[[ Supplied records open ]]

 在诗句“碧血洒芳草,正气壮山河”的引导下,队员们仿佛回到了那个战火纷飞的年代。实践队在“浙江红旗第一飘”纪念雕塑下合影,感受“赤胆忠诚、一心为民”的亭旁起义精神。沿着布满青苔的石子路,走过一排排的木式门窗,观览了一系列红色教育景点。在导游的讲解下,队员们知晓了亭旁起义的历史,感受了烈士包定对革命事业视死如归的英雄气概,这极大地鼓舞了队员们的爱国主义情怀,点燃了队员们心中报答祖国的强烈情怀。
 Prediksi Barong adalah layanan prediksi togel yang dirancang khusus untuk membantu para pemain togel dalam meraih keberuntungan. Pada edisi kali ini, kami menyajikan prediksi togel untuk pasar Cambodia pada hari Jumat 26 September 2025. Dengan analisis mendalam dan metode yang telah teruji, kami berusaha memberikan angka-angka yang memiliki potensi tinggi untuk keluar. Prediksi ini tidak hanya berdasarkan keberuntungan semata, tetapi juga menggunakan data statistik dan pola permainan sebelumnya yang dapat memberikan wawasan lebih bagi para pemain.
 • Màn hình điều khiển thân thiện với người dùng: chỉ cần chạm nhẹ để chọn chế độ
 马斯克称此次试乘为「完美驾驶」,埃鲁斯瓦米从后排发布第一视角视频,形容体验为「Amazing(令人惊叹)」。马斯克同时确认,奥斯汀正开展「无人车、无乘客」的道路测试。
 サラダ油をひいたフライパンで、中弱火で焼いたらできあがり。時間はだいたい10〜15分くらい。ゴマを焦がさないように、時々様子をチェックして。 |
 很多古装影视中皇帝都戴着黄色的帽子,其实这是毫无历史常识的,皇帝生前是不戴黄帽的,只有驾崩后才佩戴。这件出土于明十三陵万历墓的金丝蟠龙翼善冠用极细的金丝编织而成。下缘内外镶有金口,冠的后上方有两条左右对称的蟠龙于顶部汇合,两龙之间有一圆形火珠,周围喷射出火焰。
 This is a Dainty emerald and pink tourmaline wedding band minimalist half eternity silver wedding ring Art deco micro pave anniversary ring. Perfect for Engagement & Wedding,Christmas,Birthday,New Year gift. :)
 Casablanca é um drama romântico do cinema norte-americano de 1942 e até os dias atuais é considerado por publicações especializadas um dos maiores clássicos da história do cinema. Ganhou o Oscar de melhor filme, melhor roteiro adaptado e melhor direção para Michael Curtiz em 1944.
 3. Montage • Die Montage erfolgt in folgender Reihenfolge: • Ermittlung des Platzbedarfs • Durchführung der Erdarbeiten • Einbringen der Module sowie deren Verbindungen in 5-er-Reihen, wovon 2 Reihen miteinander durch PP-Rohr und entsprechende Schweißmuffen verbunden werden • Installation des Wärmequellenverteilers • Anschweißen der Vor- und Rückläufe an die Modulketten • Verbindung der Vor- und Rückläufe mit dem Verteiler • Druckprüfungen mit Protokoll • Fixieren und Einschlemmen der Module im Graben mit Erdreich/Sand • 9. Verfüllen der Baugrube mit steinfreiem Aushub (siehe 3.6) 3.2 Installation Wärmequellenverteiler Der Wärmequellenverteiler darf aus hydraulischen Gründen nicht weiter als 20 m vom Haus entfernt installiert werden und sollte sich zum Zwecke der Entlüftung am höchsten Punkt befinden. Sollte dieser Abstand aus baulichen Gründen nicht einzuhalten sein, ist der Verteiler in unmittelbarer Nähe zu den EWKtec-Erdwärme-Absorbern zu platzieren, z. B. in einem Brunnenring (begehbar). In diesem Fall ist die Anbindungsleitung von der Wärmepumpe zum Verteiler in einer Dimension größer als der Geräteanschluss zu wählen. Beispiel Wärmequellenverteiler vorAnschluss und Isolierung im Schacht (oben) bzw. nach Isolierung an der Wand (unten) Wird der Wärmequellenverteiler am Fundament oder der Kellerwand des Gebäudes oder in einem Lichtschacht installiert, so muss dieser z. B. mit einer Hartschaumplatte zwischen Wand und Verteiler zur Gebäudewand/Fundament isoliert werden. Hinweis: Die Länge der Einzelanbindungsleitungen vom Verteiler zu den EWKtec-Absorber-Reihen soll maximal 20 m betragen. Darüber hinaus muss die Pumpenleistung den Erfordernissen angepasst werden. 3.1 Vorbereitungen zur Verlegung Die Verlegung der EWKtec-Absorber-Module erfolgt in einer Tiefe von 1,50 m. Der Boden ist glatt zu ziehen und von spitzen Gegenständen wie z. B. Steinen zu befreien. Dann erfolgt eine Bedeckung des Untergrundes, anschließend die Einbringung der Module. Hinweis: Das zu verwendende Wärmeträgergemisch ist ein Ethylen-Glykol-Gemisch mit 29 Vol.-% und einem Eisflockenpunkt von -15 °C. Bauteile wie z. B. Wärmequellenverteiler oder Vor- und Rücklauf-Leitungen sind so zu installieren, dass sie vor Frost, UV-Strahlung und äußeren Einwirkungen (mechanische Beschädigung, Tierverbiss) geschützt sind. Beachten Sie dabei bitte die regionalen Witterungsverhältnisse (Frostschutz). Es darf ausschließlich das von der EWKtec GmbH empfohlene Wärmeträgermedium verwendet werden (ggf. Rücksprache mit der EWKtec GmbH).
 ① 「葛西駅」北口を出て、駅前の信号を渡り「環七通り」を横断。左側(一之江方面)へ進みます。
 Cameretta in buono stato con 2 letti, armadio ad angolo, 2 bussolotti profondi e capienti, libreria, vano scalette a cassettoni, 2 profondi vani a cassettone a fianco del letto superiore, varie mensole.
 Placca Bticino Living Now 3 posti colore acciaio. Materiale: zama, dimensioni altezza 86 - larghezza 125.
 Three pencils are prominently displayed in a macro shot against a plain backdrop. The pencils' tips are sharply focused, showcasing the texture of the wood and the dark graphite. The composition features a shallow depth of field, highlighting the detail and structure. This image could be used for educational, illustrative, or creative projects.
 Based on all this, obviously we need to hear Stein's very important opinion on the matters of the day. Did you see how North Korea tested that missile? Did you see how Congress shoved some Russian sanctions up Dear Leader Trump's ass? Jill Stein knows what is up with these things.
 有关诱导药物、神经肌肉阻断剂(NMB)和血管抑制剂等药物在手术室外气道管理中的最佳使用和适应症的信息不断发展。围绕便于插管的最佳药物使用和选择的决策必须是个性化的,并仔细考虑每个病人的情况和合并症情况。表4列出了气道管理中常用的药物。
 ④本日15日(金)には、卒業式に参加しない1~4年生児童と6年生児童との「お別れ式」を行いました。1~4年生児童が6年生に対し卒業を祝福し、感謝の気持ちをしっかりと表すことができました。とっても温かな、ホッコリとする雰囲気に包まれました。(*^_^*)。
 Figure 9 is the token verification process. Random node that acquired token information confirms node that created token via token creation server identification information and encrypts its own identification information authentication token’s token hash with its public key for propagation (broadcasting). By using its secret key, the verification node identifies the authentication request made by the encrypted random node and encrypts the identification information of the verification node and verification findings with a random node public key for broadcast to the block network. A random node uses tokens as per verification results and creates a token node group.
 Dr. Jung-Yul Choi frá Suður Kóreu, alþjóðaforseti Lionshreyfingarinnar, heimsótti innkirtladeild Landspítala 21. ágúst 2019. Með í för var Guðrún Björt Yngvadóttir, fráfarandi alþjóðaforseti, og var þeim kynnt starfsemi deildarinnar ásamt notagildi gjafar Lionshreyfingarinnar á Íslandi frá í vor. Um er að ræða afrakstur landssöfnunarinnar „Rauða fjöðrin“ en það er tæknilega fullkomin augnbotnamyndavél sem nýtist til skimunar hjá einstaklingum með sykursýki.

[[ Supplied records closed ]]

**Exercise brief:**
Restate word for word only the lines above from the line containing "Based on all" to the line containing "Figure 9 is", both of them included.

**Answer box:**
 Based on all this, obviously we need to hear Stein's very important opinion on the matters of the day. Did you see how North Korea tested that missile? Did you see how Congress shoved some Russian sanctions up Dear Leader Trump's ass? Jill Stein knows what is up with these things.
 有关诱导药物、神经肌肉阻断剂(NMB)和血管抑制剂等药物在手术室外气道管理中的最佳使用和适应症的信息不断发展。围绕便于插管的最佳药物使用和选择的决策必须是个性化的,并仔细考虑每个病人的情况和合并症情况。表4列出了气道管理中常用的药物。
 ④本日15日(金)には、卒業式に参加しない1~4年生児童と6年生児童との「お別れ式」を行いました。1~4年生児童が6年生に対し卒業を祝福し、感謝の気持ちをしっかりと表すことができました。とっても温かな、ホッコリとする雰囲気に包まれました。(*^_^*)。
 Figure 9 is the token verification process. Random node that acquired token information confirms node that created token via token creation server identification information and encrypts its own identification information authentication token’s token hash with its public key for propagation (broadcasting). By using its secret key, the verification node identifies the authentication request made by the encrypted random node and encrypts the identification information of the verification node and verification findings with a random node public key for broadcast to the block network. A random node uses tokens as per verification results and creates a token node group.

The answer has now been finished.